Investors started last year full of optimism and ended it surrounded by doom and gloom. This year seems to have started in a bleak mood. So how likely is it that it will end on a positive note?
It all depends on how the world’s main economies behave. Despite President Trump’s tax cuts, US companies are reluctant to embark upon the capital spending that he was banking on to boost the economy and the stock market.
As it turns out, taking credit for the rally was not a wise move for President Trump; he must also take the blame for the market drop – and even if he doesn’t, some investors could blame his policies.
And they would not be entirely wrong. When it comes to investing, company managers care more about stability and economic growth, and less about fiscal incentives.
If anything, the tax cuts have spurred a flurry of distribution of capital to shareholders – nice for them, but also a sign that the management of these companies found nothing better to do with the windfall other than returning some capital to the shareholders.
Analysts at Bank of America Merrill Lynch expect capex to lose momentum in the next few quarters in the US; in Europe capital spending has already been faltering for a while.
In continental Europe, the slowdown was influenced by a rally in oil prices last year which hurt investment, since most European countries are importers of crude oil. In the UK, investment has fallen as uncertainty about Brexit has been on the rise.

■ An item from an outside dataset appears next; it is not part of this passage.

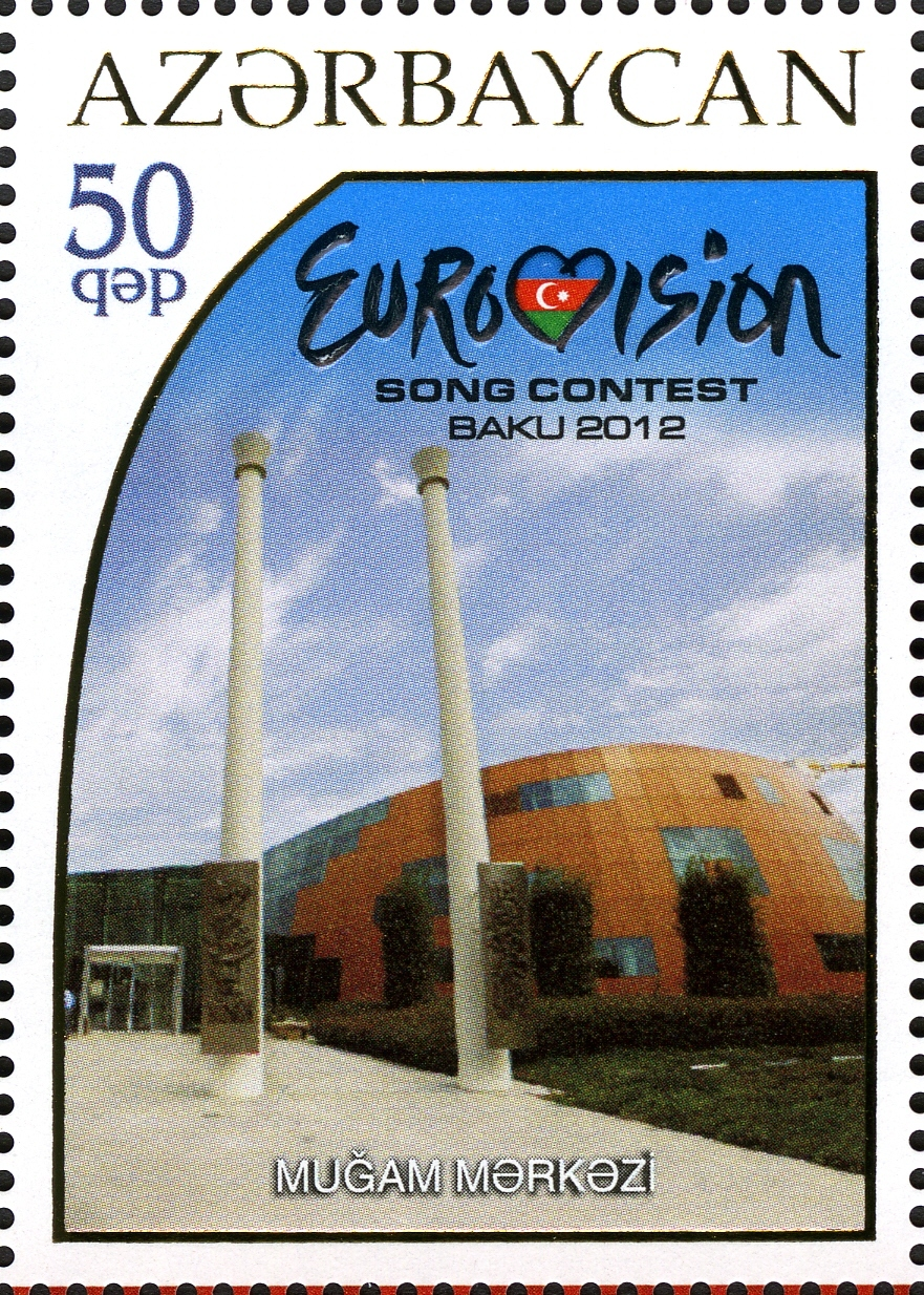 "Eurovision - 2012" song contest

The fund managers in BofA’s monthly survey have become more pessimistic about growth, too, and they recommend that companies focus on improving their balance sheets, whereas a year ago they thought companies should invest their cash.

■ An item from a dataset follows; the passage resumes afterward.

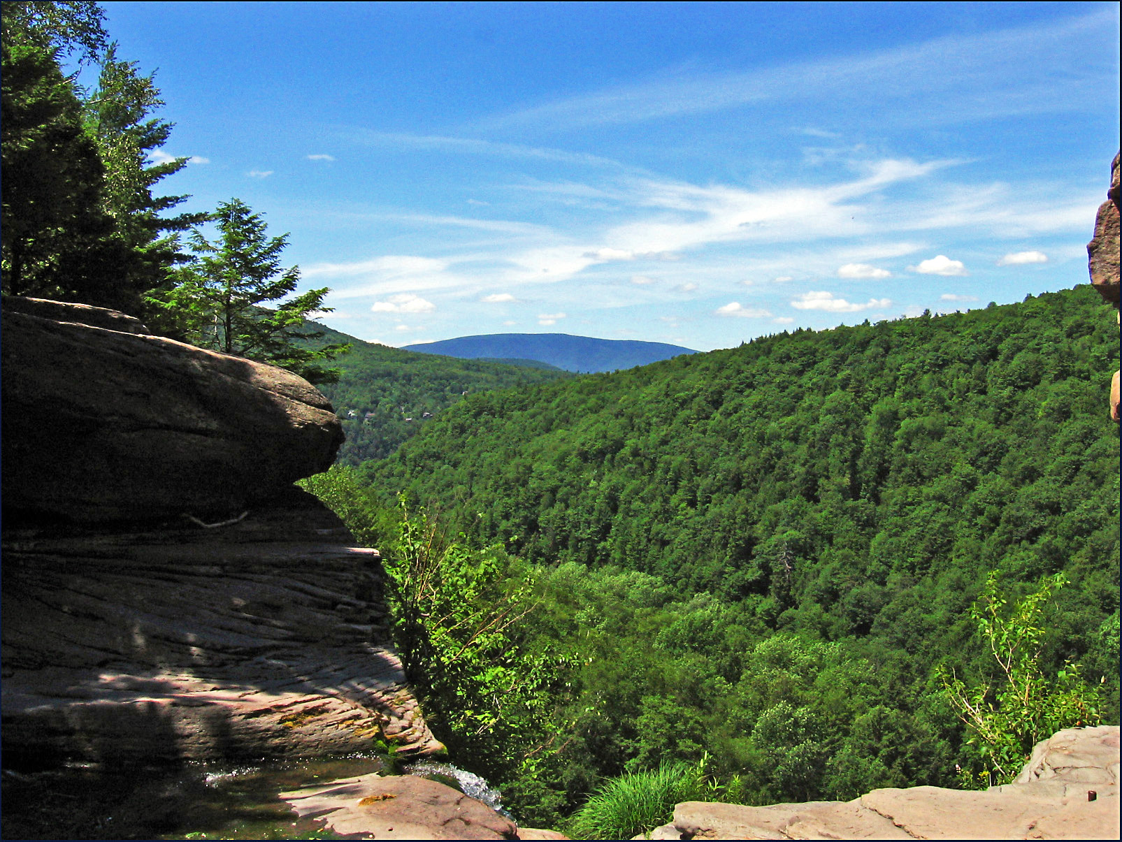 View of Hunter Mountain from the top of Kaaterskill Falls in the Catskill Mountains of New York, USa

What are investors to do? The Bull and Bear indicator recently triggered its contrarian “Buy” signal and it is up to 2.5 now, but other signals are not that clear.
Besides the classical forecasting methods, alternative ways to gauge the future of a company’s returns are emerging, as technology and social media change the investing landscape.

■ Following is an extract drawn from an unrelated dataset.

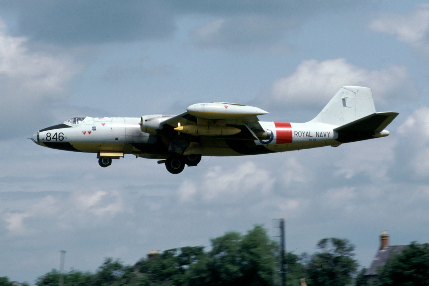 WJ614 on final approach, Yeovilton, July 1985.

One relatively recent trend is to follow what company CEOs post on social media and try to gauge from their mood what the companies’ outlook is likely to be. But this is not without its pitfalls, as Xing Gao, University of Illinois at Urbana-Champaign, showed in a paper for which she analysed 127,916 tweets from the personal accounts of 226 CEOs.
The results of her study showed that investors could perhaps predict positive abnormal returns in the firm’s future from the fact that the CEO’s tweets contain a high proportion of positive words – a pattern that is especially strong before earnings announcements.
However, she also found that CEOs include a high proportion of positive words in their tweets before option exercises and stock sales – a result that seems to suggest that CEOs use their accounts strategically, knowing that investors pay attention to them.
As ever, sentiment is everything in the markets, and it can turn unexpectedly. The fact that the year started in a gloomy mood does not mean that it has to stay this way. Watch those tweets.